Current evidence assessment frameworks used by regulators and HTA bodies often struggle to accommodate the specific challenges of rare and ultra-rare disease development. This misalignment can lead to unpredictable decision-making, delays, and inequalities in patient access.
This webinar will explore the key challenges in evidence generation for ultra-rare diseases, highlighting how traditional approaches may fall short. We will discuss the ongoing initiatives in Europe and internationally aimed at improving alignment, and the role of the RealiseD consortium in advancing scientific and operational solutions. The session will also emphasise the need for a fundamental shift in how stakeholders generate, interpret, and evaluate evidence to better serve patients with ultra-rare conditions.

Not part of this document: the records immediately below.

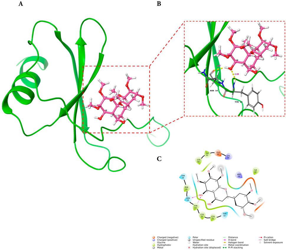 Figure 11. Molecular docking of GarA with MCP-1 protein where (A). Ribbon representation of the MCP-1 protein (green) with the docked GarA (pink) situated in the hydrophobic binding cavity, (B) Zoomed-in view of the binding site showing key hydrogen bonding interactions between the ligand and active site residues including TYR13, and ASN14. Distances (in Å) represent favourable hydrogen bonding geometry, and (C). 2D ligand interaction diagram, illustrating hydrogen bonds, hydrophobic contacts, and surrounding residues.
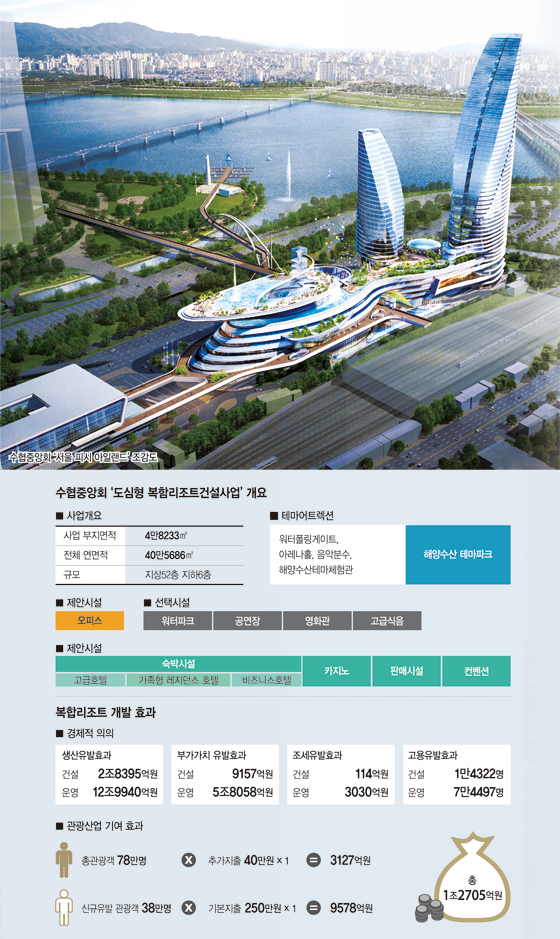 수협이 꿈꾸는 도심형 복합리조트는 노량진수산시장이 핵심이다. 현재 노량진수산시장이 현대화사업 새 건축물로 옮겨가면 1조2943억원을 들여 이 부지 4만8233㎡(1만4590평)에 지상 52층, 지하 6층(연면적 40만5686㎡) 규모로 복합리조트를 짓겠다는 계획이다. 여기엔 호텔과 컨벤션, 해양수산테마파크, 카지노, 쇼핑시설, 워터파크, 공연장, 멀티플렉스. 일부 업무시설 등이 조성된다. 이 중 해양수산테마파트(2만6000㎡)엔 관광객이 넓은 수조에서 직접 물고기를 잡을 수 있고 최신 정보통신(IT)기술이 들어간 3D화면에서 손 그림 물고기들이 유영하는 것을 관람할 수 있다.
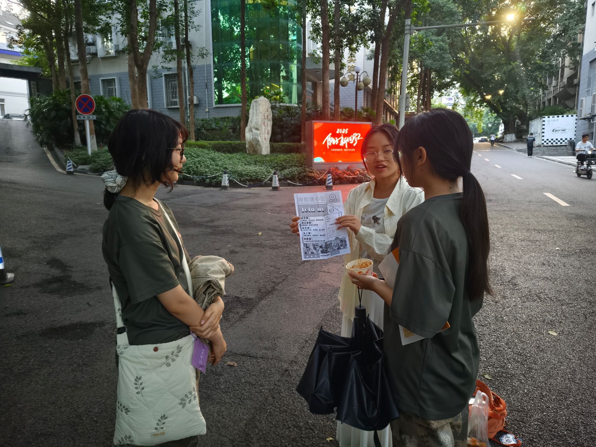 A区小竹林的纳新点别具一格,绿荫掩映下的场地洋溢着轻松活泼的氛围。为了让大家更深入地了解社团的运作模式,社员们精心设计了多个互动环节:既有考验志愿服务常识的"爱心知识问答",也有模拟真实服务场景的"情景模拟"小剧场。同学们在问答中加深了对公益理念的理解,在角色扮演中切身感受到爱心活动的意义与价值。现场欢声笑语此起彼伏,不少同学还在社员的引导下,分享了自己对公益活动的见解和期待。这种寓教于乐的互动方式不仅拉近了彼此的距离,更让志愿服务的精神内涵深入人心。活动尾声,许多同学意犹未尽,纷纷在报名表上郑重地写下自己的信息,眼神中满是对未来参与社团活动的憧憬与决心。
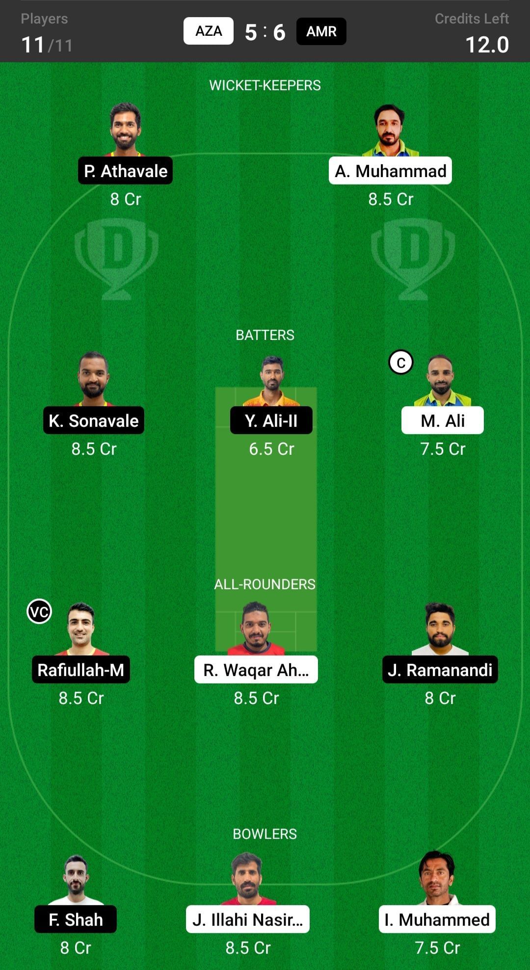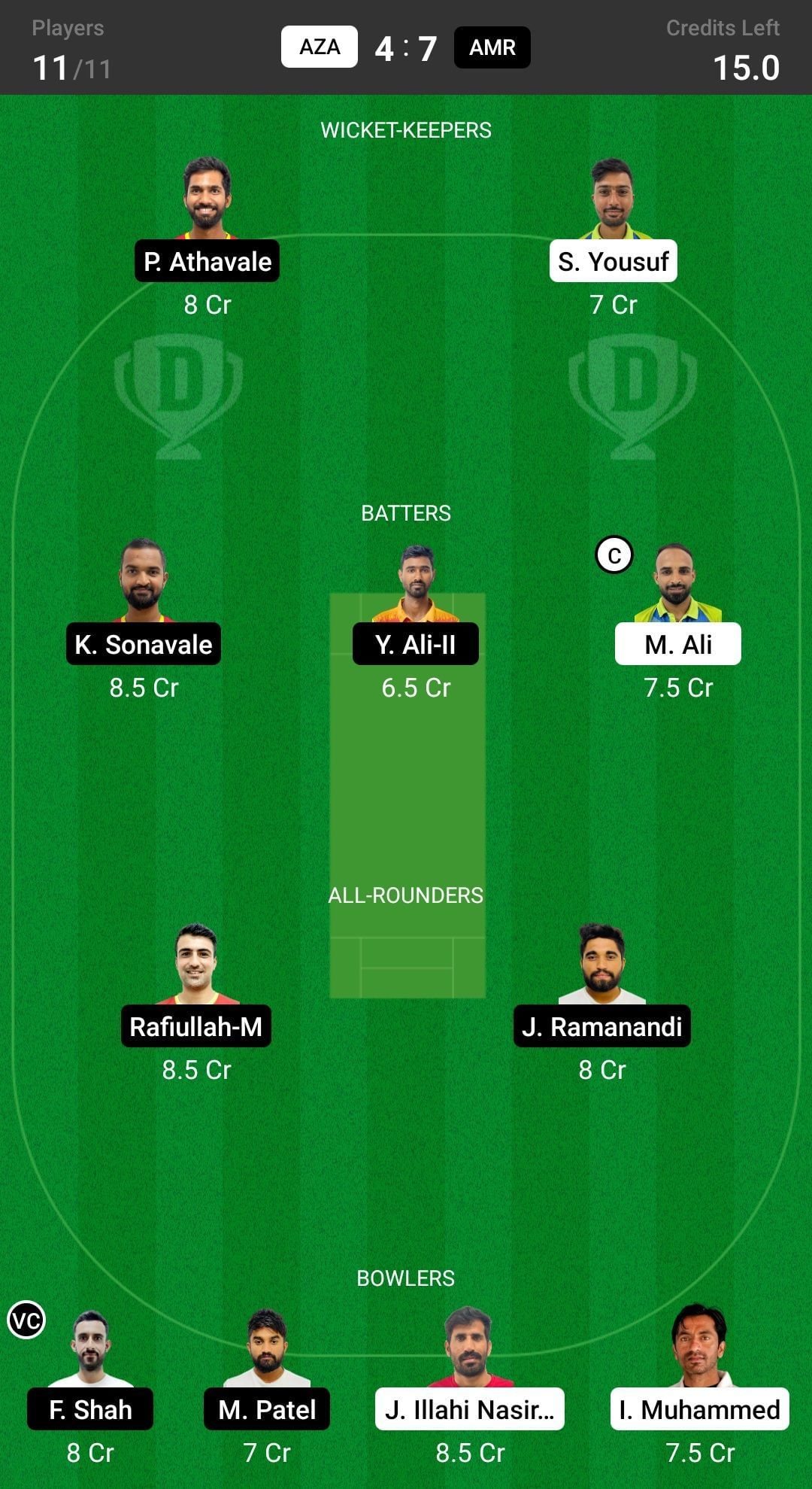 AMR vs AZA match captain and vice-captain choices
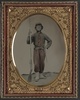Unidentified soldier in Confederate infantry uniform with musket and Bowie knife
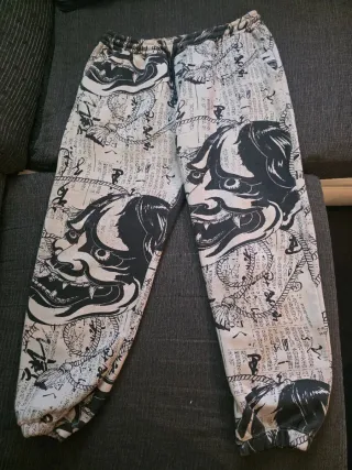 Pantalones con un diseño llamativo y original. - Estampado integral de máscaras y escritura. - Cintura elástica con cordón. - Puños ajustados en los tobillos.
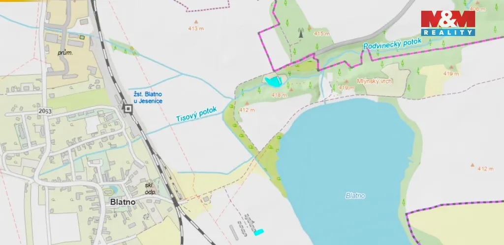 Prodej pozemků o výměře 107344 m2 na okraji obce Blatno. Pozemky s dobrou bonitou tvoří jeden celek. V blízkosti pozemků je vodní plocha cca 18 ha, hrady Křivoklát, Rabštejn, Chýše. Součástí prodeje je polovina domu-bývalý mlýn, stodola a garáž s okrasnou zahradou, kterou protéká potok. Objekt je vhodný k rekreaci i na bydlení a podnikání, leží v atraktivní lokalitě s absolutním soukromím. Nemovitost je vhodná také jako investice, možno vybudovat ranč, dětský tábor, biofarmu, agroturistiku, rekreační sídlo apod. Dobrá dostupnost do Prahy a Karlových Varů. Podrobné info u makléře.
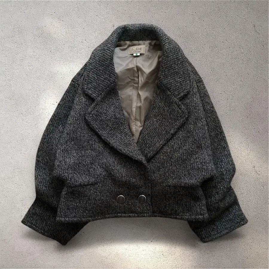 그레이 피 코트 울 리브 니트 숏코트 돌먼 슬리브 테일러드

“Explore why current evidence frameworks fall short in rare diseases—and discover how the RealiseD consortium is driving scientific and operational solutions to accelerate patient access and reshape evidence generation.”
Agenda
- Introduction – by Alicia Granados, Global Head of Rare Disease Medical Scientific Advocacy & Insights at Sanofi
- Presentation – by Francois Meyer, Health Technology Assessment consultant
- Discussion Pannel
- Andrew Thomson – Owner and lead consultant at Regnitio
- Karen Facey – Scientific Advisor in HTA at University of Oxford
- Florian Inning – Bundesverband Kleinwüchsige Menschen und ihre Familien e.V.
- Audience Q&A
- Closure
About the project: The RealiseD project, funded by the Innovative Health Initiative (IHI), aims to develop a collaborative and comprehensive methodological and operational framework to improve how clinical trials are designed and conducted in ultra-rare diseases.During this webinar, we will present the project’s objectives, structure, and innovative approaches, offering participants an opportunity to learn about current challenges and emerging solutions for evidence generation in ultra-rare disease research.